7.Trial for the murder of hostages: indictment for illegal shooting of hostages in the Balkans.
8.RuSHA trial: Trial against employees of the SS Race and Settlement Office for, inter alia, their cooperation in the extermination of Jews and Poles and the displacement of Aryan children from the occupied territories to Germany.
9.Trial against the Special extermination units: indictment because of participation in massacres in the occupied territories in the East.
10.Krupp trial: case against industrialist Krupp for, inter alia, exploitation of slave workers.
11.Wilhelmstrassen trial: case against leading personalities of the NS regime because of war crimes and crimes against humanity.

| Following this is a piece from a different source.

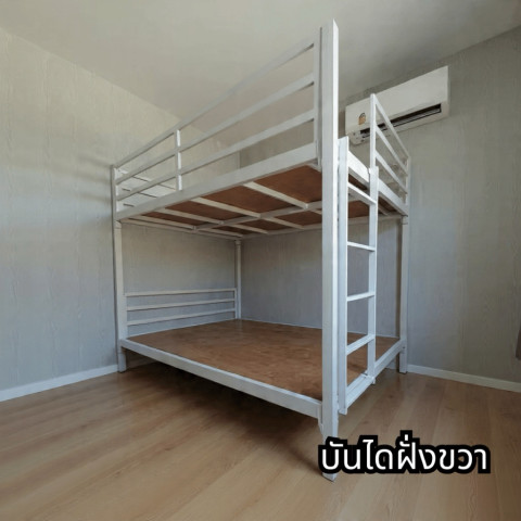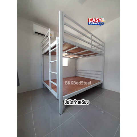 เตียงเหล็ก 2 ชั้น พร้อมบันไดปีนท้ายเตียง และกันตกรอบเตียง แข็งแรง ทนทาน เหมาะสำหรับบ้าน หอพัก ห้องนอนเด็ก/ผู้ใหญ่ หรือพื้นที่ที่ต้องการประหยัดพื้นที่ ใช้วัสดุเหล็กกล่องขนาด 2x2 นิ้ว หนา 1.2 มม. มั่นใจเรื่องโครงสร้าง รองรับการใช้งานได้ดี พร้อม ไม้รองเตียง ใช้งานได้ทันที

12.General Command of the Armed Forces-trial: case against the highest-ranking officers of the Armed Forces because of war crimes and crimes against humanity.
There was a multitude of other cases in American military courts. The sum total of all people tried was 1941.
Proceedings in British, French and Soviet courts
There were also German war criminals tried in courts of the other occupational powers. The British held trials also in Italy and the Netherlands, in particular against collaborators of the concentration camps. French courts were active not only in their occupational zone but also in North Africa and France. Apart from German NS criminals, there were indictments against collaborators of the Vichy-Regime. The Soviet Union conducted trials against war criminals already during the war in the areas that were reconquered. In the Soviet occupation zone in particular, employees of the concentration camps were tried.
Proceedings in other countries
Other countries also conducted trials against Germans, among which Belgium, Denmark, Luxemburg, the Netherlands, Norway, Poland, Yugoslavia, Czechoslovakia and Israel.